Moje włosy nadaj były zwinięte w kulkę, a on trzymał je jak piłkę Podniósł mnie zaciągając na ostatni schodek, a następnie do kuchni, podczas gdy próbowałam mu się wyrwać starając się zapobiec bólu w mojej głowie. Czułam ,że jeśli jeszcze raz za nie pociągnie to nie będę ich w ogóle miała.
-Rób obiad- Jack nie zawahał się, w swoim rozkazie.

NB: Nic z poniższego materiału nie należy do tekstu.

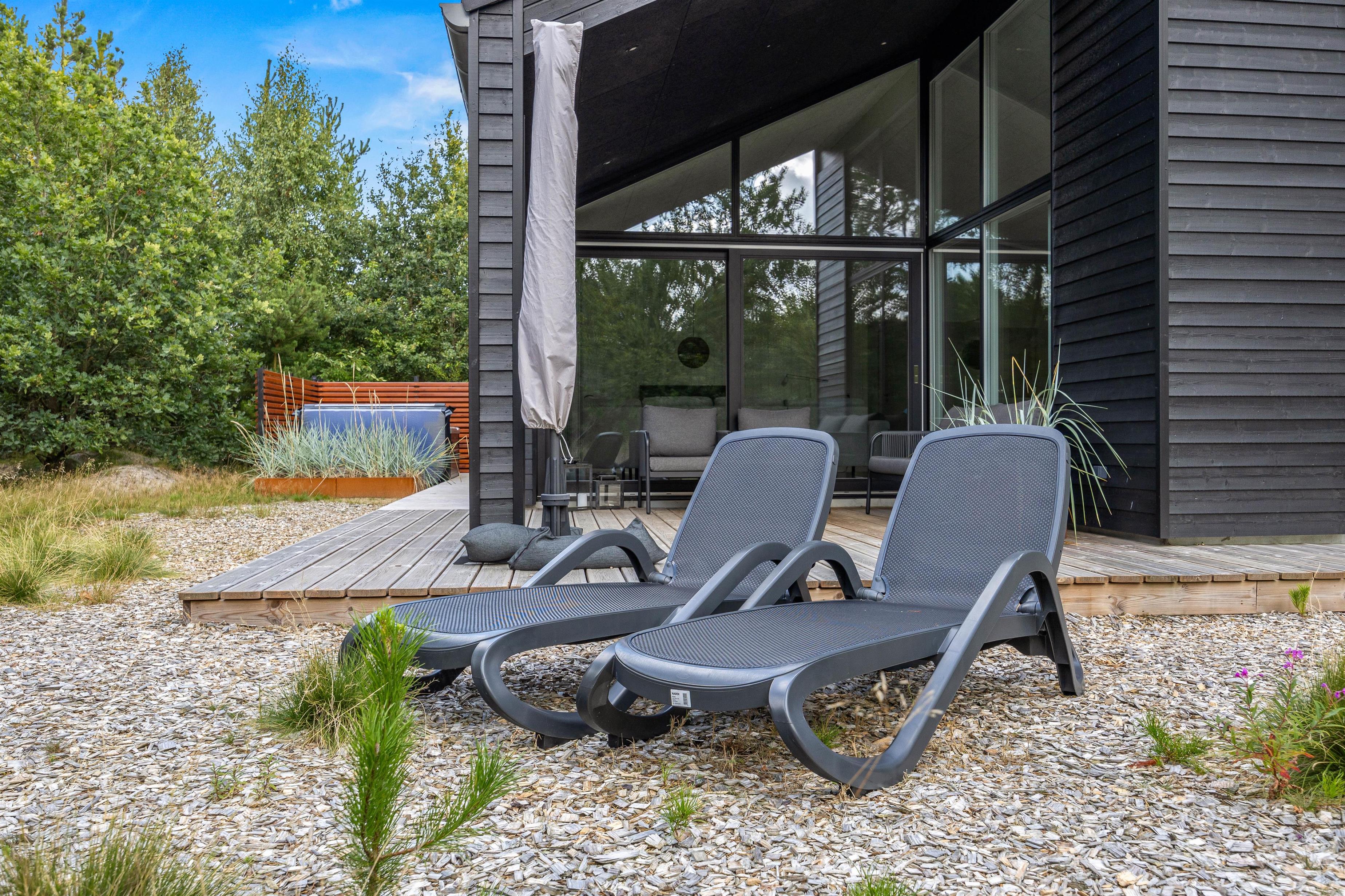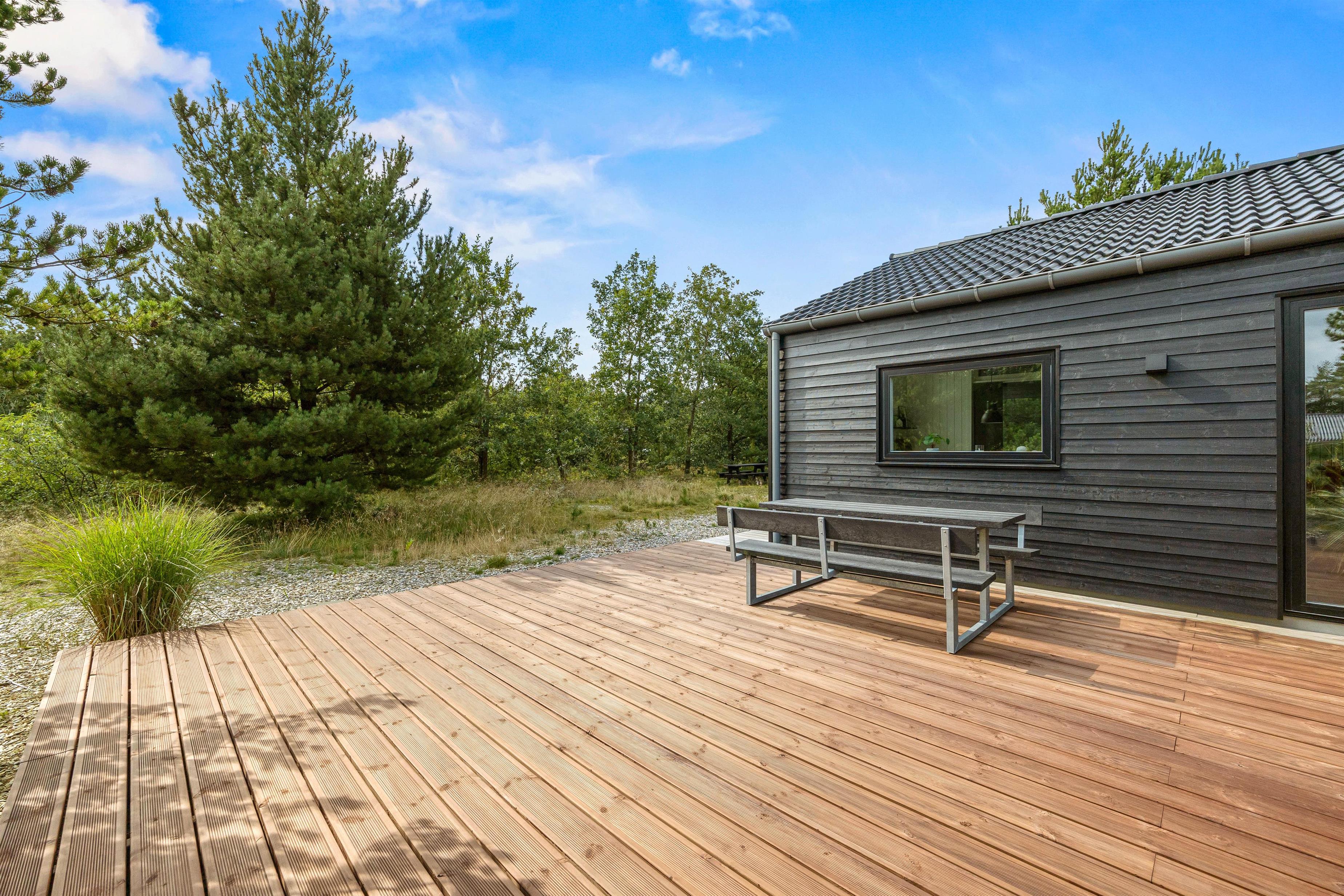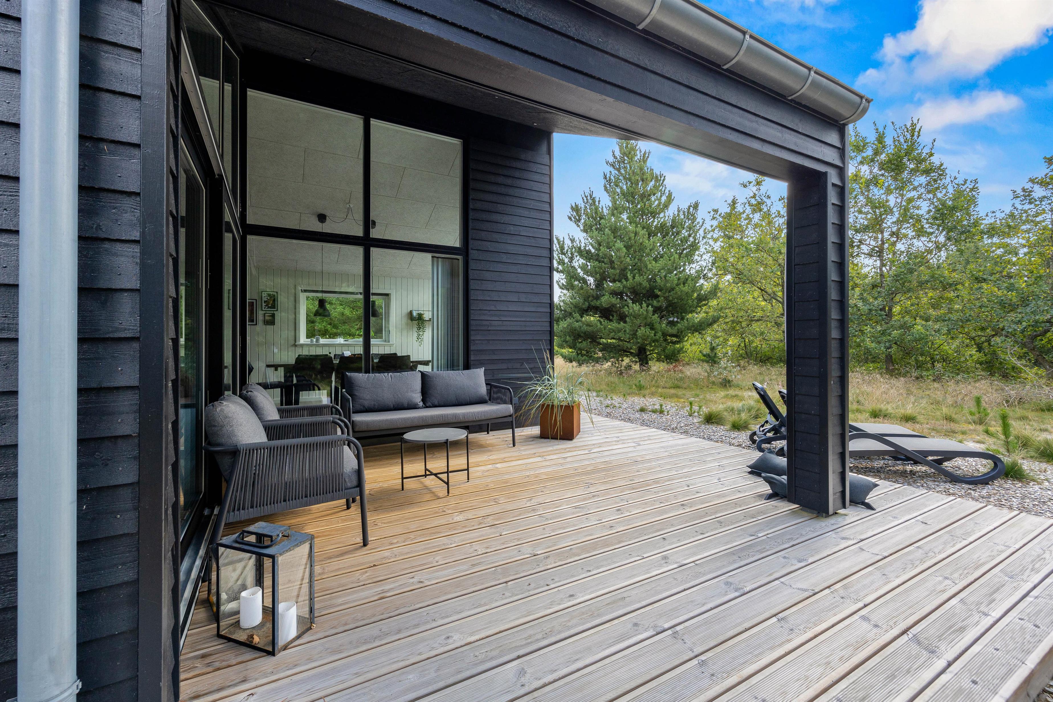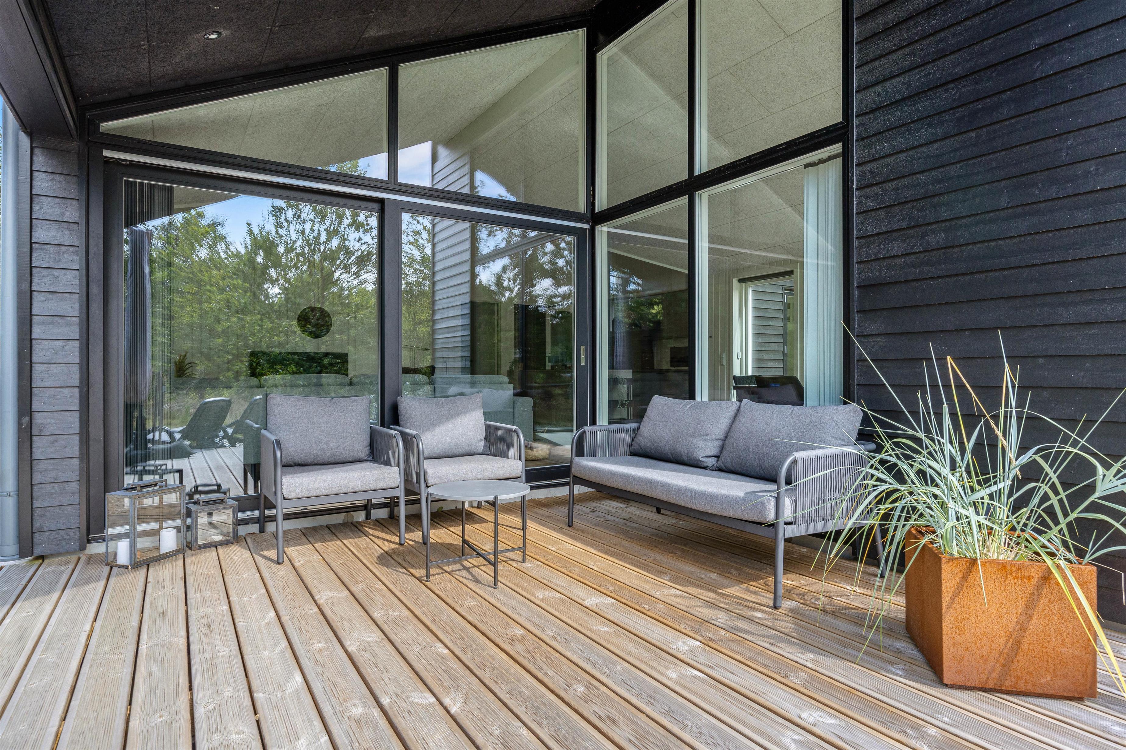 Fra stuen kan I let tilgå den overdækkede terrasse, der fungerer som en udvidelse af sommerhusets komfortable opholdsrum. Udeområdet er skabt til at give jer den ultimative ferieoplevelse i det fri. Den rummelige terrasse tilbyder både en overdækket og en åben del, hvilket gør det muligt at nyde både solrige bruncher og hyggelige grillaftener uanset vejret.

Podczas gdy próbowałam podnieść się, kopnął mnie bezpośrednio w jelita, całe szczęście ,ze nie z pełną siłą. Zwinęłam się z bólu w kulkę.

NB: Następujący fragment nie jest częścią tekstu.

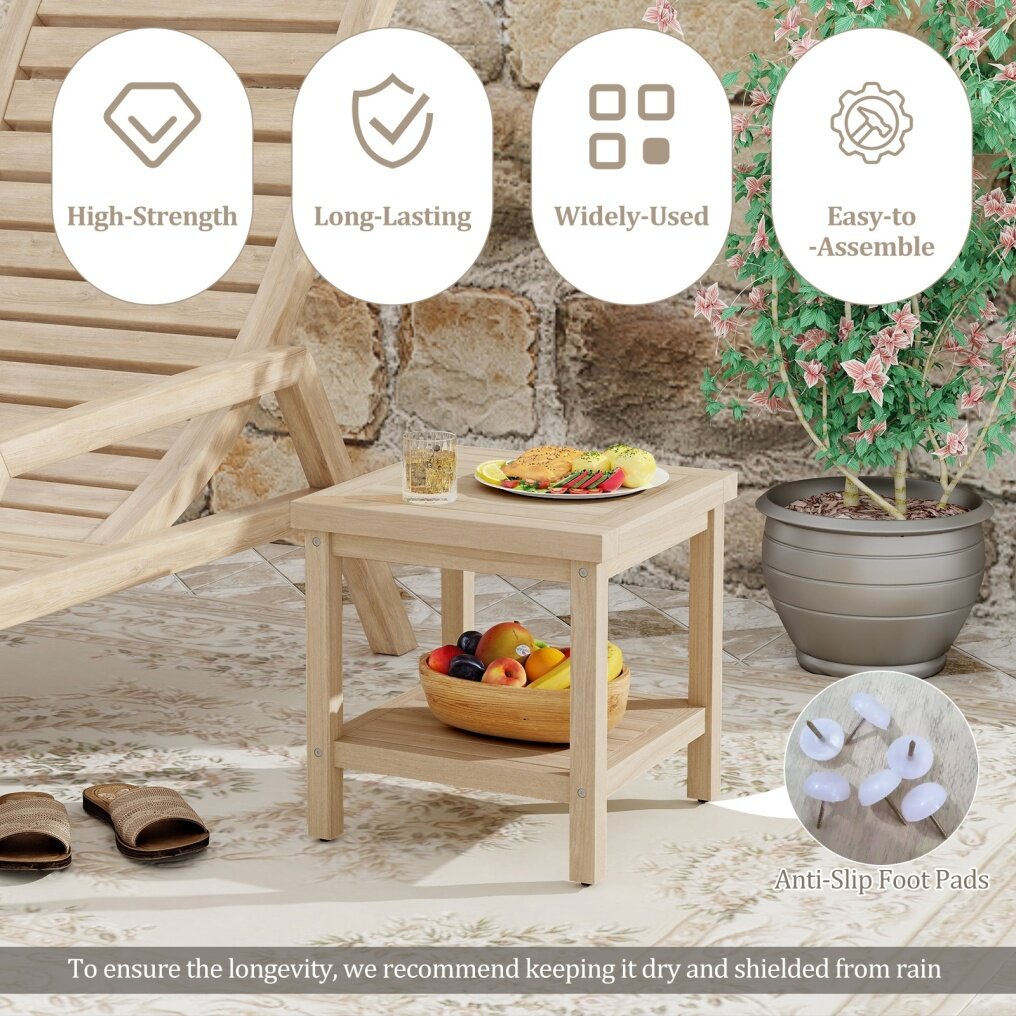 ● 2-Tier Storage Option: For generous storage choices, the patio side table features a dual-tier design. The upper surface is perfect for holding drinks and phones, while the lower shelf offers extra space to organize books, snacks, or other essentials.
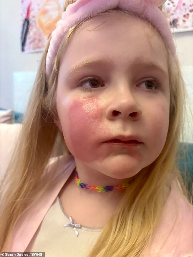 Sara Davis llevó a su hija de ocho años a un farmacéutico después de sufrir un doloroso erupción roja en respuesta al brillo de ‘plomado de labios’.

-Wstań i rób obiad!- Przykucnął przy mnie więc byliśmy na wysokości oczu.-Teraz- Wraz z tym opuścił kuchnię i udał się do sypialni..Podniosłam całkowicie nagie ciało i pogrzebałam w lodówce i szafkach szukając tego, co potrzebne, aby zrobić obiad. Jak za dawnych czasów.
1 godziny później
Przyprawione piersi kurczaka były w piekarniku przez czterdzieści pięć minut, a ja obecnie kończyłam sałatkę Cesar. Potrzebowałam przestarzałych crotons, które były w w górnej szafce , dotarłem do nich wylałam filiżankę z nimi do sałaty, dodałam sos, i zrobiłam wszystko inne potrzeba. Ramiona owinęły się wokół mnie i wyjścia dotykając moich piersi, co nie pozwalało mi skoczyć.
-Hey. -Usłyszałam szept. -Kiedy obiad będzie gotowy?- Jack zaczął ssać moją szyję, a ja zacząłem drżeć jeszcze bardziej..

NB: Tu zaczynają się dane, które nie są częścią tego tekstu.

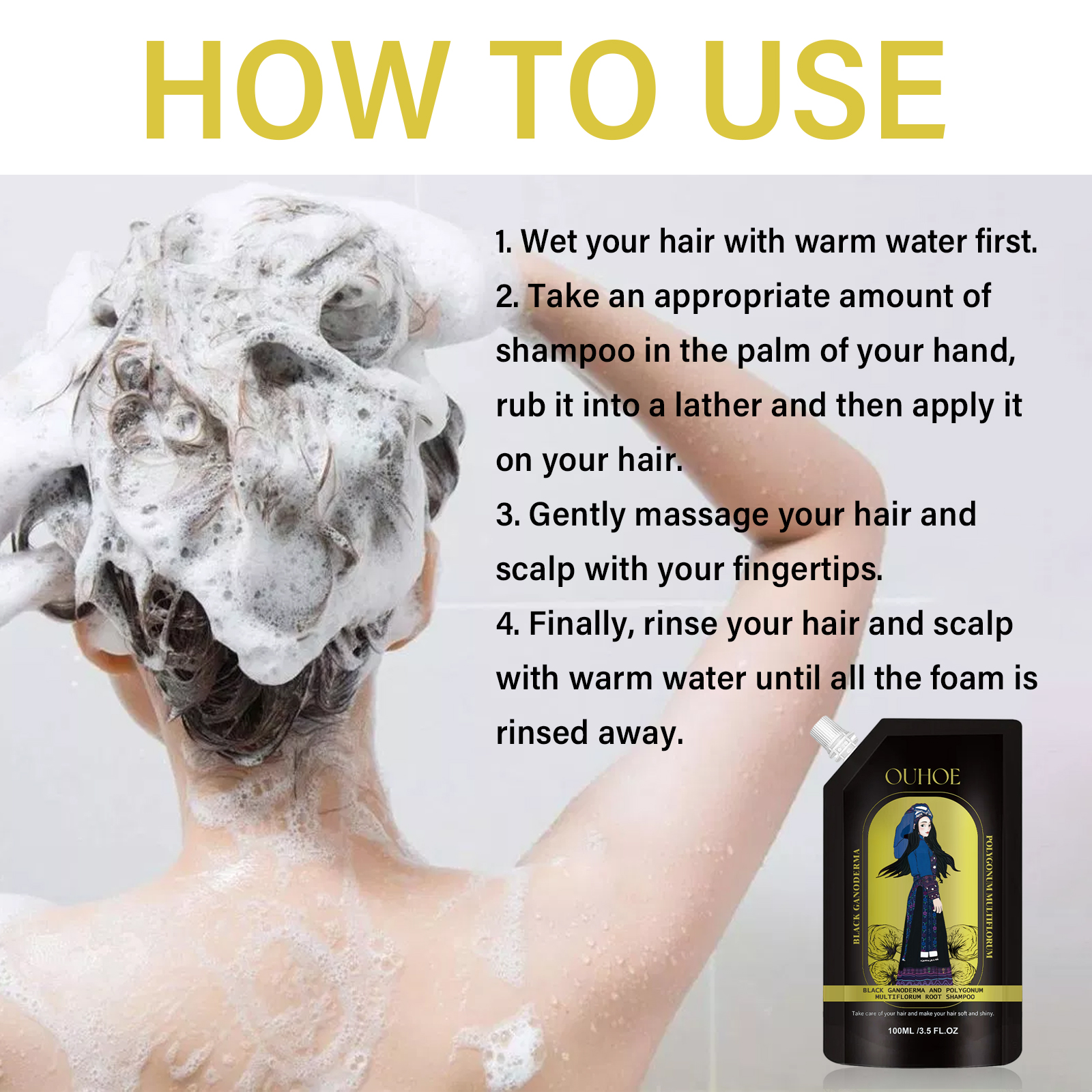 我们的生姜密发洗发水含有何首乌提取物、灵芝茎提取物、生姜提取物。它可以有效地保护头皮,为您提供足够的水分,以支持健康的头发。生姜提取物可以使头发更浓密,头皮更健康,头皮屑不再是一个问题。它的使用方法很简单:1. 先用温水打湿头发。2. 取适量洗发水于掌心,揉搓出泡沫,然后涂在头发上。3. 用指尖轻轻按摩头发和头皮。4. 最后,用温水冲洗头发和头皮,直到所有的泡沫都被冲洗掉。生姜密发洗发水有助于恢复头发的厚度、强度和柔软度。

-D-Dziesięć minut- Starałem się nie brzmieć wystraszona, miałem silne poczucie, że się nie udało, ponieważ słyszałam strach w moim głosie.
-Będę przy stole.- Z tym, puścił mnie i odszedł.Wykręciłam się próbując zebrać talerze i butelki z wodą. Gdy kurczak był gotowy, umieściłam go na stole, na górze położyłam duży talerz papierowy i przyniosłam wszystko, co potrzebne do podania.
-Proszę bardzo.- Powiedziałam patrząc na stół i ustawiając wszystko na środku stołu, przed Jackiem. Bez "dziękuję", ani uznania, Jack sięgnął do jedzenia, jak świnia, którą jest.
-Czy nie zamierzasz jeść?-Zaproponował jego miękki głos.
-Nie jestem głodna.-Jego miękki i spokojny głos, przekształcił się w pełen gniewu i kontroli.
-Jedz-
-M-mogę ubrać się w pierwszej kolejności? Czuję się bardzo nieswojo.-
Zimne powietrze spowodowało drżenie mojego nagiego ciała. Potarłem ramię z nieśmiałości. Zawsze byłam bardzo skrępowana, a to nie sprawia, że czuję się lepiej.
-Jedz-
45 minut później
Ledwie nadgryzłam skrzydło kurczaka, Jack zmusił mnie do tego i picia wody, aż została tylko kropla. Jack zmusił mnie do zmywania-nie zaskoczyło mnie to. Zabrał mnie do piwnicy i stwierdził, że był zbyt zmęczony, żeby "dać mi przyjemność" ponownie. Nie walczyłam z tym, zamiast tego skinęłam głową i poszłam do łóżka.Nie byłam w stanie zasnąć z myślą o Justinie w mojej głowie i jak bardzo chciałam, żeby był tutaj teraz, aby mnie ocalić, lub kto był nie dawno u drzwi, i co się stało, gdy byłam tutaj. Mój umysł przyśpieszył, gdy usłyszałam kroki nad sobą i rozmowy.Myślałam, że nie było sposobu, aby słyszeć coś zza zamkniętych drzwi, ale byłam w błędzie, a może , po prostu może, był tam Justin , lub ktoś, kto mógłby mi pomóc. Nie byłam do końca pewna, czy byliby w stanie mnie usłyszeć, gdybym próbowała zwrócić ich uwagę i czy ten kto tam był usłyszy mnie , wtedy będę mogła mieć dwa wyjścia. Pierwsze, podjąć się walki i spróbować uciec, nie sądzę,że Jack zostawił cokolwiek otwarte. Dwa, mogłabym przegrać walkę .Brałam to ryzyko.Stojąc na palcach, podeszłam do drzwi i zaczęłam w nie bić i walić z całych sił krzycząc i błagając o pomoc.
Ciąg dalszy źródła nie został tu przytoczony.